The pioneer spirit, at any cost
Imagine what it would feel like to travel with a wagon train of pioneers, joining the great march to America’s western frontier in 1846. Why would you take such a risk, and how would you cope if the worst happened? Author Gabrielle Burton explores these questions and others in her richly imagined, harrowing tale of death—and survival.
Impatient With Desire, a fictional account of the travails of the very real Donner Party, is framed as a diary kept by Tamsen Donner. Donner was one of 87 actual pioneers who, against the advice of several who had gone before, formed a party of nine wagons that left a much larger wagon train moving west, and struck out on what they had been told was a shortcut to reaching California.
They encountered rivers too swollen to be forged, mud-filled tracks that destroyed their wagons, a desert wasteland, and, at last, terrible snows that imprisoned the party in the Sierras for nearly four months, where nearly half of them perished from cold or starvation.
The story of the historical Donner Party became riveting news after it was learned that in order to survive, some of the party had resorted to eating the flesh of others in their party who had already succumbed. But in this novel, Burton departs from the merely sensational, and explores the fate of the party from a different perspective—that of a woman who, along with her husband, is following a dream shared by thousands at that time: a wanderlust and desire to leave familiar surroundings behind and move on to the edges of what was then an unknown wilderness. Tamsen’s diary captures the pull of this great adventure, in all its combined glory and folly, heady successes and tragic turns.
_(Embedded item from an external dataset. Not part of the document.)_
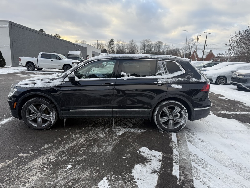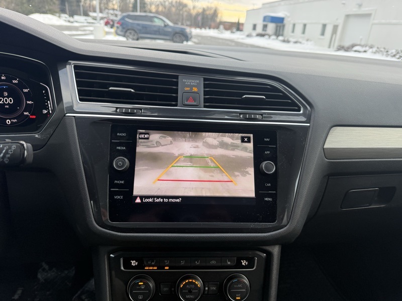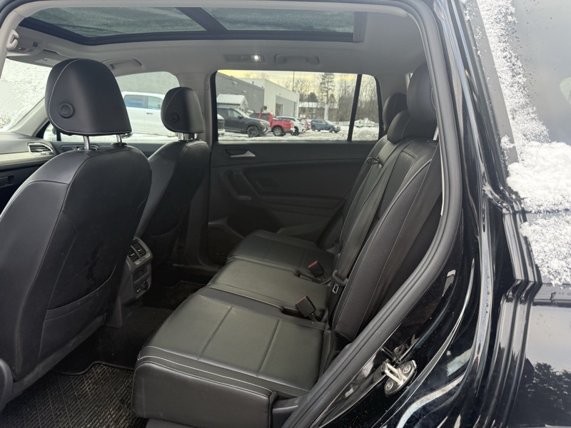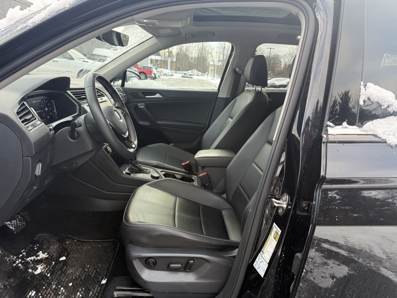**VW CERTIFIED**, **PANORAMIC MOONROOF**, **POWER LIFTGATE**, **FACTORY REMOTE START**, **FACTORY NAVIGATION**, **APPLE CARPLAY / ANDROID AUTO**, **19" GRAY ALLOY WHEELS**, **AUTO HEADLIGHTS**, **CLEAN CARFAX**, AWD, 3.33 Axle Ratio, 4-Wheel Disc Brakes, 4-Wheel Independent Suspension, 6 Speakers, ABS brakes, Active Cruise Control, Air Conditioning, Alloy wheels, AM/FM radio: SiriusXM with 360L, Auto-dimming Rear-View mirror, Automatic temperature control, Brake assist, Bumpers: body-color, Compass, Delay-off headlights, Driver door bin, Driver vanity mirror, Dual front impact airbags, Dual front side impact airbags, Electronic Stability Control, Emergency communication system: VW Car-Net services (capabilities require enrollment or subscription), Exterior Parking Camera Rear, Forward collision: FCW w/Autonomous Emergency Braking mitigation, Four wheel independent suspension, Front anti-roll bar, Front Bucket Seats, Front Center Armrest, Front dual zone A/C, Front fog lights, Front reading lights, Fully automatic headlights, Heated door mirrors, Heated Front Comfort Seats, Heated front seats, Heated steering wheel, Illuminated entry, Leather Shift Knob, Low tire pressure warning, Navigation System, Navigation system: VW Car-Net Guide & Inform, Occupant sensing airbag, Outside temperature display, Overhead airbag, Overhead console, Panic alarm, Passenger door bin, Passenger vanity mirror, Perforated V-Tex Leatherette Seating Surfaces, Power driver seat, Power Liftgate, Power moonroof, Power steering, Power windows, Radio data system, Radio: MIB3 Discover Media AM/FM/HD, Rain sensing wipers, Rear anti-roll bar, Rear reading lights, Rear Roof-Edge Spoiler, Rear seat center armrest, Rear window defroster, Rear window wiper, Remote keyless entry, Roof rack: rails only, Security system, Speed control, Speed-sensing steering, Split folding rear seat, Spoiler, Steering wheel mounted audio controls, Tachometer, Telescoping steering wheel, Tilt steering wheel, Traction control, Trip computer, Turn signal indicator mirrors, Variably intermittent wipers, Wheels: 19" 5-Spoke Gray Alloy. Clean CARFAX. Deep Black Pearl 2021 Volkswagen Tiguan 2.0T SEL AWD 8-Speed Automatic with Tiptronic 2.0L TSI DOHC

As her family huddles, close to starvation in the snowbound Sierras, Tamsen describes to her children, who cannot really remember them, the cherry orchards, apple trees and gentle spring breezes in the Illinois town they’ve left behind. The children ask, “Why did we leave?” To this, their parents have no answer, though they have ample time to revisit their decision again and again. Earlier, when given a choice, Tamsen admits they “could not bear to go back.”
Near the end of the diary, Tamsen and her husband sit together, looking out at the spectacular wilderness stretching before them. Tamsen, who has not entirely lost her spirit, reflects, “I knew that behind us lay the shadowed detritus of five months of survival, but our view was spectacular and uplifting.”
Barbara Clark writes from West Yarmouth, Massachusetts.